16 | Smash

671 108 27
                                    

London – Autumn

I wish I could tell you earlier but you were awesome that day!

🍁

Aku meregangkan otot tubuhku sebelum kelas olahraga dimulai. Materi hari ini adalah voli dan aku lumayan menguasainya. Aku tidak sekelas dengan Dave, Ryan, dan Emre jadi aku bisa lumayan santai. Zevania juga di kelas ini. Akhir-akhir ini aku selalu menghindarinya. Aku bahkan tidak mengiriminya surat selama beberapa hari.

Apakah ia menunggu surat itu? Atau malah senang karena tidak merasa diganggu oleh surat-surat misterius itu?

"Semuanya berkumpul di lapangan dan buat barisan!" Mr.

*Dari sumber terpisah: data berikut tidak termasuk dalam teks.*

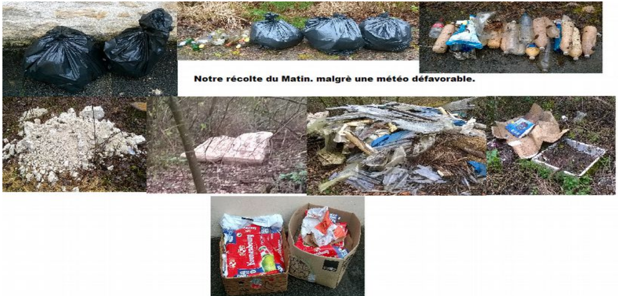
Notre récolte du Matin. malgré une météo défavorable.

Merci aux bénévoles qui ont bravé la météo défavorable pour participer à cette sortie nature propre le samedi .
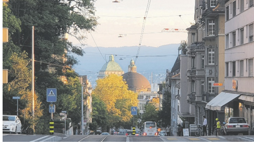
Der QV Oberstrass feiert Geburtstag, unter anderem am 18. März.

Die Probleme änderten sich, aber der Quartierverein funktioniert bis heute nach dem Prinzip, dass Bürgerinnen und Bürger sich auf der untersten Stufe selbst organisieren und ihre Geschicke in die
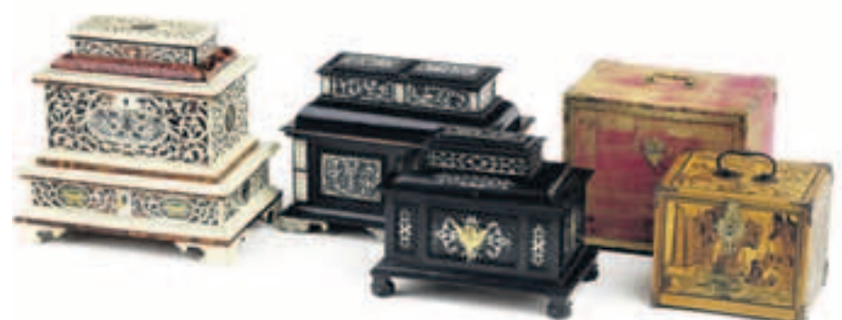
Kostbares Kunsthandwerk. Eine Auswahl von Drunkassetten aus dem Süddeutschen, Augsburg oder Nürnberg (1570 bis 1650).

Laues Schwerpunkt liegt im 16. und 17. Jahrhundert. Sein Lieblingswerbeprospekt bezieht sich auch auf die Erst- und Vorbesitzer seiner Schätze: „Wunder kann man sammeln.“ Das Wundern,
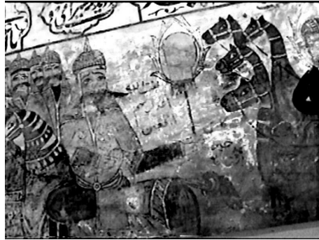
تصویر ۹. بردن سرهای شهدا و سر امام حسین علیه السلام توسط لشکر یزیدیان به شام. بقعه آقاسیدمحمد یمنی بن امام موسی الکاظم علیه السلام واقع در روستای لیچا. عکاسی در سال ۱۳۸۵.
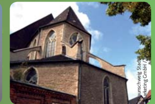
Braunschweig Stadtmarketing GmbH / Taylor
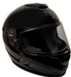
CASCO RMM 107 CERRADO NEGRO TALLA: 2 EG NORMA AMERICANA DOT
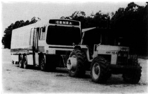
Bild 2. Zugkraftmeßwagen für die Schlepperprüfung des nationalen brasilianischen Landtechnikzentrums CENEA, der mit deutscher Unterstützung entwickelt und gebaut wurde.

Die Bedeutung solcher Zentren für den Technologieaustausch wird dadurch unterstrichen, daß internationale Institutionen wie die Food and Agriculture Organization (FAO) und die United Nations Industrial Development Organization (UNIDO) ihre Förderung ausdrücklich empfehlen [6, 7]. Auch die Bundesrepublik hat den Aufbau agrartechnischer Zentren in verschiedenen Ländern massiv unterstützt.
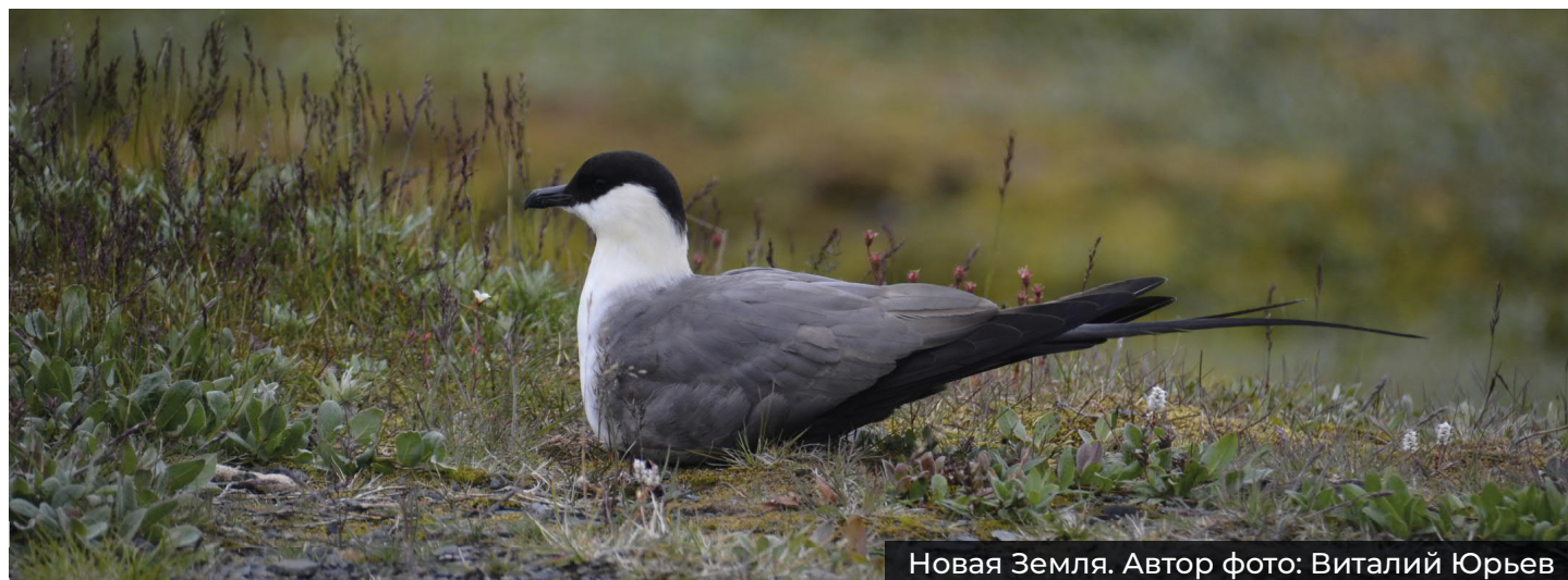
Новая Земля.
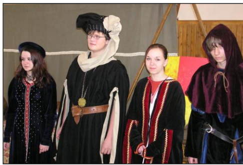
Středověk ve škole (10.3.2009)
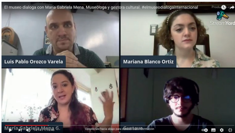
Fig. 2 Programa Museo Dialoga participación estudiantil.
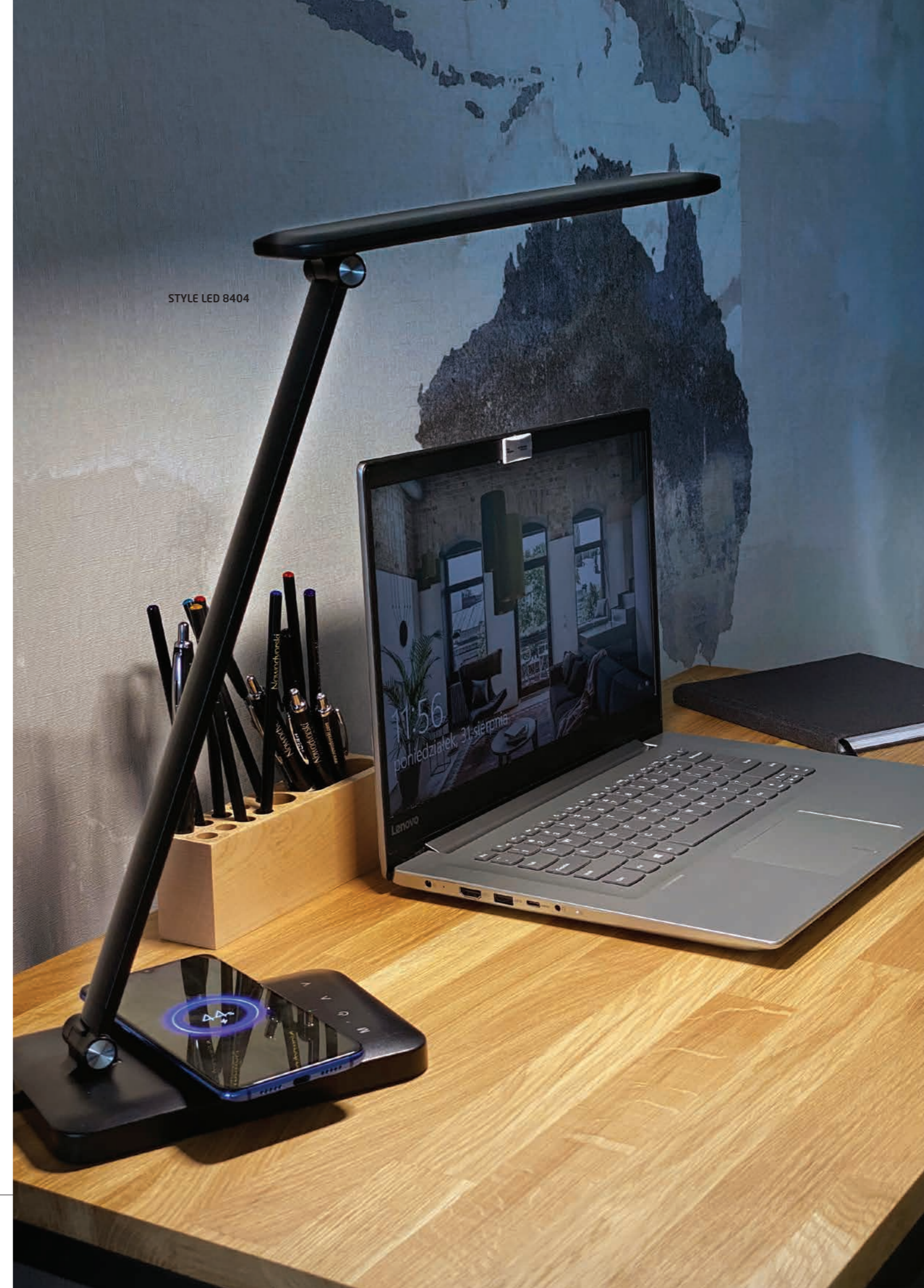
STYLE LED 8404
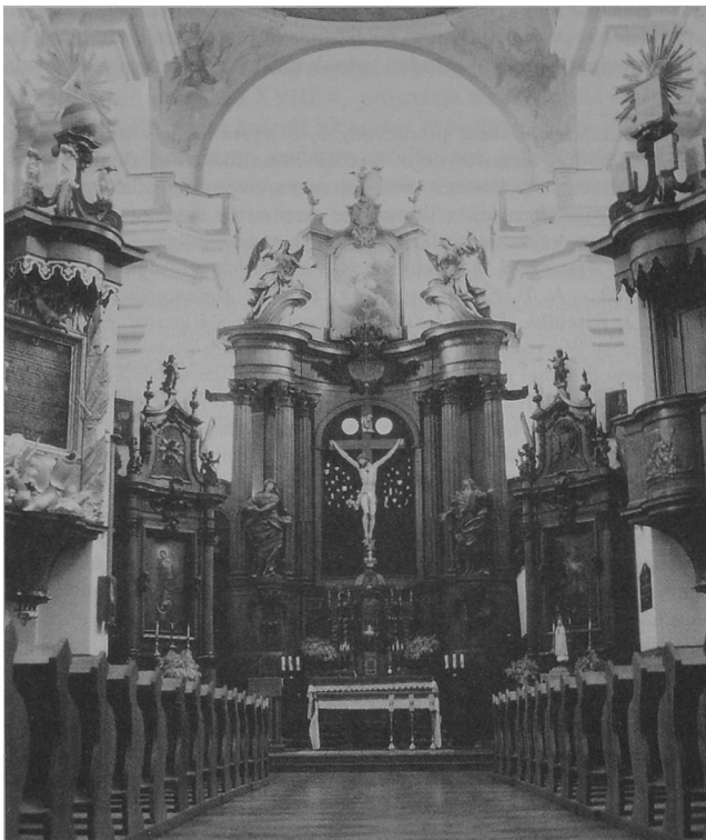
Fot. 1. Boćki, kościół pw. Świętych Józefa i Antoniego, ołtarz główny.
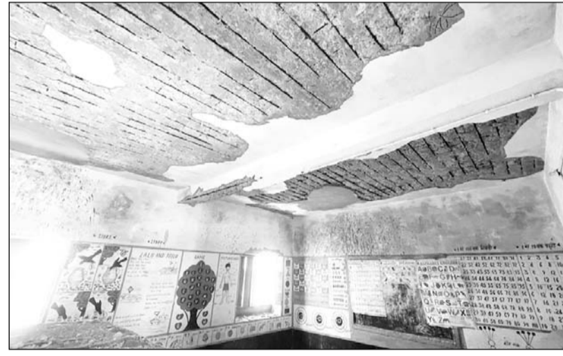
छत में लगे लोहे के सरिये बाहर नजर आने लगे हैं।

बताया कि सन 2020 से ही लगातार प्लास्टर गिरने का सिलसिला जारी है। बारिश में सभी कमरों से पानी टपकने लगता है। छत में लगे लोहे के सरिमें बाहर नजर आने लगे हैं। इसकी सूचना उपखंड अधिकारी सहित बीडीओ, ग्राम विकास अधिकारी, ग्राम प्रधान को कई बार लिखित में दी जा चुकी है लेकिन किसी ने अभी तक कोई भी ध्यान नहीं दिया है।
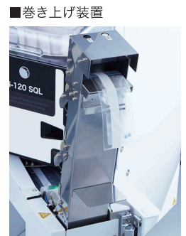
分包済み分包装紙を操作者の腰元まで巻き上げて排出します。

※改良のため、仕様・構成などを予告なく変更させていただく場合がございます。 ※本カタログは印刷のため、実際の色と異なることがあります。

Mason memasuki lapangan dengan peluit khasnya.

Aku mengikuti yang lainnya membentuk barisan secara acak. Secara naluriah, pandanganku mencari keberadaan Zevania, tetapi yang kudapati adalah gadis yang kemarin memberiku minuman. Ia berdiri di sebelah kiriku.

Siapa namanya? Keira?

"Hai, Andrew," ia menyapaku. Aku membalasnya dengan senyuman tipis.

Mr. Mason menyuruh kami melakukan pemanasan kecil dan mengajari beberapa teknik dasar dalam voli secara singkat. "Untuk praktik berpasangan sesuai dengan absen. Absen pertama dengan yang terakhir, begitu pun seterusnya."

Absen pertama adalah aku.

Absen terakhir adalah ... Zevania?

"Andrew Stanley dengan Zevania Sylvianna."

Aku tidak tahu harus berterimakasih atau mengutuk Mr. Mason yang secara tidak langsung membuka celah bagiku untuk kembli dekat dengan Zevania. Apa yang harus kukatakan padanya? Aku sangat payah dalam memulai pembicaraan. Tunggu ... aku dan Zevania hanya akan mempraktikkan voli. Bukan mengobrol. Tidak perlu ada yang dibahas selain materi voli.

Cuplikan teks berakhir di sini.